Why Some Advice Only Works for Certain People
Posted by Shannon Cunningham on
What astrology has taught me about privilege, perseverance, and the danger of mistaking luck for wisdom.
Successful people often speak in a deep voice with a confident delivery, generously advising others—people who do not share their wiring—on how to succeed exactly as they did.
Many believe they earned their money meritoriously, when in fact they have no idea how lucky they are. For them, every bad thing that happened turned out to be a stepping stone to a bigger opportunity. When they worked hard, they made measurable progress. Effort was rewarded. Cause led to effect.
They don’t know that some people are born under a sky full of planetary conflict—too much of one quality, none of another—and spend their lives compensating for an imbalance they didn’t choose.
I’ve had a front-row seat to some of these lives. I’ve watched carefully, trying to see what these people are doing wrong, only to discover: nothing.
For some, it’s obstacle after obstacle. A moment of reprieve, and then another awful thing crashes in—diseases they didn’t earn, injuries that don’t heal, betrayal in primary and intimate relationships. Awful betrayal.

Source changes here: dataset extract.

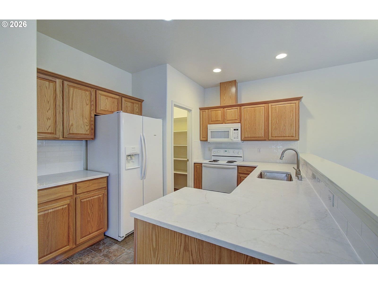 Super nice home located in north Hazeldell with easy access to highways, freeways and all services. Large and roomy with new quartz countertops, luxury vinyl flooring on the main floor, all new interior paint last year and all new carpeting upstairs. Primary bedroom is quite large with WI closet, private bathroom and new bathroom fixtures with quartz top. 2nd bedroom is also quite large with a WI closet. Utility room is located on the upper floor and has a sink with cabinet plus upper cabinets over the appliances. This home provides lots of storage! On the main floor the kitchen has an abundance of counter workspace plus a lrg walk in pantry; newer electric range, refrigerator, dishwasher, BI microwave and garbage disposal. New roof in 2024 with a complete tear off; new HVAC system (furnace and AC condenser) in 2023. This nice home has fibre cement siding, gas furnace and hot water heater for energy efficiency and AC to keep cool in the summer! Yard has sprinklers for ease of lawn care; covered front porch to enjoy sitting outside! Seller will provide a one year home warranty for buyer. Washer and dryer in home can stay if buyer would like. Seller is a licensed Washington Realtor. Seller may elect to do a 1031 Exchange at no cost to buyer.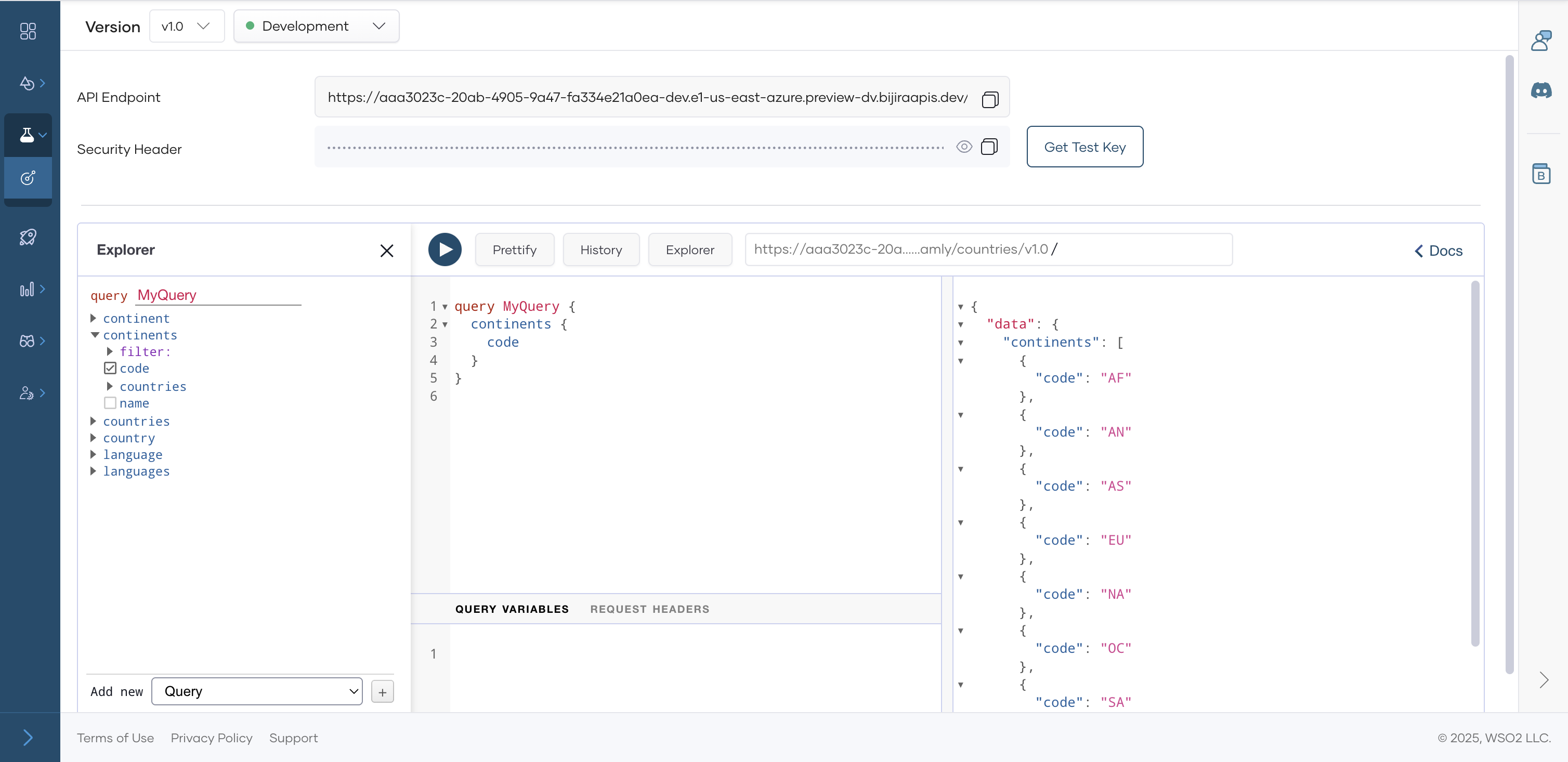 API Platform offers an integrated GraphQL Console to test GraphQL API proxies that you create and deploy. Since API Platform secures APIs with OAuth 2.0 authentication, the GraphQL Console generates test keys to help you invoke your GraphQL operations.

In spite of this, they work their guts out. They are generous to others. They receive next to no gold stars.
These people have to cope with difficulty in ways unfathomable to those born to beat the odds. They must actively fight the feeling of being victims because—by God—they have been victimized.
They live with chronic conditions. They learn what it means to be content with a different kind of happy than the one we’re sold from day one.
Recently, I heard a successful author being interviewed. She said:
“If I hadn’t known, deep in my bones and in the very heart of me, that I had a great and unique contribution to make to the literary canon, I would never have succeeded. I would never have even tried.”
I can guess at her astrology.
Hearing this, a wonderfully talented writer with a sensitive, watery chart and Saturn aspects that breed insecurity might give up before they start—and become an accountant.
This is why it matters who you take advice from.
It’s important that your mentors are cut from the same cloth as you—or, at the very least, that they understand the difference between what they were given and what they truly earned.
A Personal Note: This piece isn’t an argument against effort, ambition, or personal responsibility. It’s a reflection on difference—on the uneven starting points we rarely see, and the compassion that becomes possible when we do.